Response to proposed rules on limiting public protests near the White House

How to comment: 

The deadline for comments is 11:59pm Monday, October 15th


I am writing to voice strong opposition to the National Park Service’s (NPS) proposal (RIN: 1024-AE45).

The First Amendment states that “Congress shall make no law…abridging…the right of the people peaceably to assemble, and to petition the Government for a redress of grievances.” These words, both in original intent and as interpreted by the courts, make it clear that in public spaces, such as the areas governed by 36 CFR § 7.96, “permitting” a demonstration is not a discretionary act. In Meyer v. Grant, the court declared that “the First Amendment mandates that we presume that speakers, not the Government, know best both what they want to say and how to say it.” Permit processes do not exist because citizens need the government’s permission to demonstrate in public streets, sidewalks, or parks. We emphatically do not need such permission. Indeed, a requirement that a person obtain a permit before speaking is a prior restraint on speech. The proposed changes extend such prior restraint in a broad and unconstitutional manner.

The NPS has tried implementing similar policies in the past, and the courts rebuffed these attempts to infringe on Americans’ First Amendment rights. In 1967, the federal government attempted to limit protests near the White House. The American Civil Liberties Union (ACLU) of the District of Columbia sued, and after years of litigation, the courts rebuffed the government’s effort. In A Quaker Action Group v. Morton, the court reminded the NPS that the White House area and the National Mall “constitute a unique [site] for the exercise of First Amendment rights.” The court order specifically allows demonstrations of at least 750 people on the White House sidewalk, saying that any lower limit is “invalid and void as an unconstitutional infringement of plaintiffs’ rights to freedom of speech and to assemble peaceably and to petition the Government for a redress of grievances.” Under this order, NPS issued regulations that guaranteed quick action on permit applications for large demonstrations, and accommodated spontaneous protests as much as possible.

The practice of gathering in front of the White House–often called The People’s House–has a long history, back to the women’s suffrage movement. Under the proposed rule change, the NPS would close most of the White House sidewalk and limit demonstrators to a 5-foot sliver of sidewalk along Pennsylvania Avenue. This closure would directly violate the existing [1975] court order, and abrogate the people’s right to express our views in front of the White House.

The park service offers no justification for this infringement on our constitutional rights. Security concerns have already been addressed by the planned construction of a new fence with specialized anti-climbing features that is specifically designed to “meet contemporary security standards” while allowing the sidewalk to remain open. During the planning process for the new fence, the Secret Service stated that their “priority is to maintain the public’s access…It is in fact a quintessential First Amendment site.” Security concerns are not a reasonable justification for this unprecedented attack on the rights of the people to freely assemble and petition their government.
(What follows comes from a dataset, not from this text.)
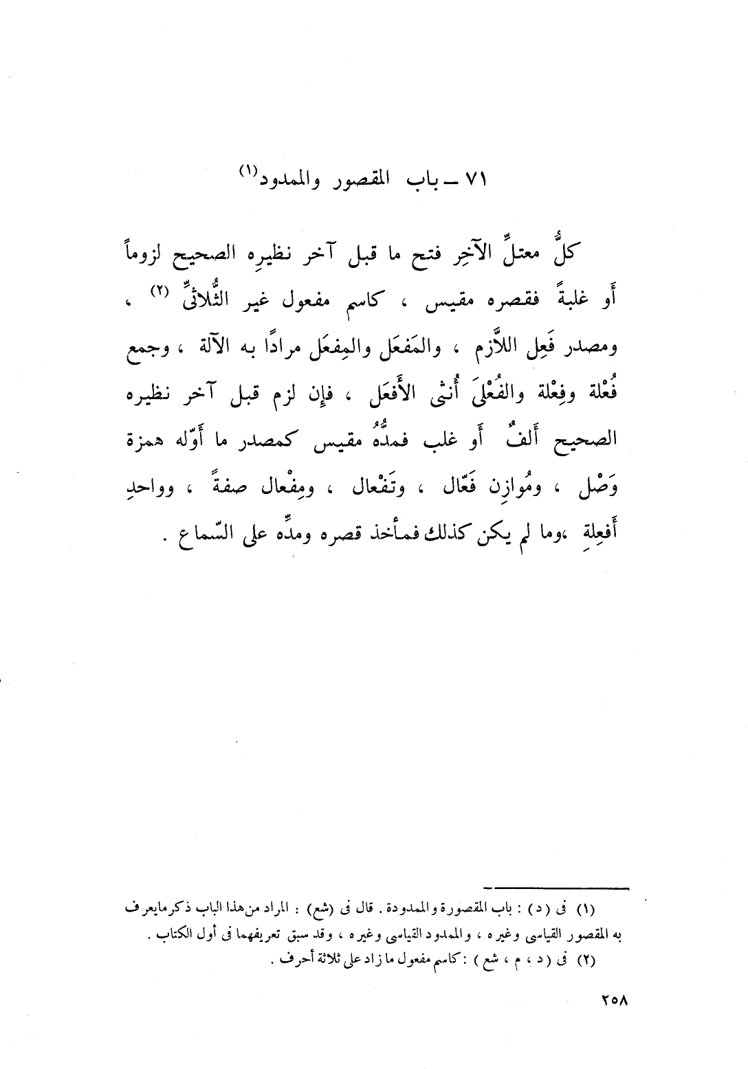 / كل معتل الاخر فتح ما قبل اخر نظيره الصحيح لزوما او غلبة فقصره مقيس، كاسم مفعول ما زاد على ثلاثة احرف، ومصدر فعل اللازم، والمفعل والمفعل مرادا به الالة وجمع فعلة وفعلة والفعلى انثى الافعل، فإن لزم قبل اخر نظيره الصحيح الف، او غلب فمده مقيس كمصدر ما اوله همزة وصل، وموازن فعال وتفعال ومفعال صفة وواحد افعلة، وما لم يكن كذلك فمأخذ قصره ومده على السماع.

Additionally, the proposed regulation seeks to eliminate the distinction between “demonstration” and “special event” in the permitting process, the latter of which refers to concerts, sports events, or similar performances. Special events can incur significant fees. Eliminating this distinction would mean that fees could be assessed on citizens exercising their First Amendment rights to free speech and assembly. The NPS fails to explain or justify the basis for eliminating this distinction, in direct violation of the Administrative Procedure Act’s requirement of reasoned rulemaking. The proposed rule would treat demonstrations that include “elements” such as singing or costumes–which are protected by the First Amendment–as less than fully protected speech. In doing so, the proposed regulation would violate the law as codified by numerous court decisions (including 491 US 781, 790 (1989); 529 US 277, 289 (2000); and 472 F.2d 1273 (DC Cir. 1972)). It is incumbent on the NPS to specifically and clearly state the basis for eliminating the distinction between demonstration and special event, which it failed to do in the current proposal. This proposed change would have broad and far-reaching implications for our First Amendment rights, and must be adequately explained and justified. At this point, NPS has done neither.

I strongly oppose the proposed changes to the permitting process and the locations under these regulations because they are arbitrary, unnecessary, and antithetical to the very ideals our republic was founded on.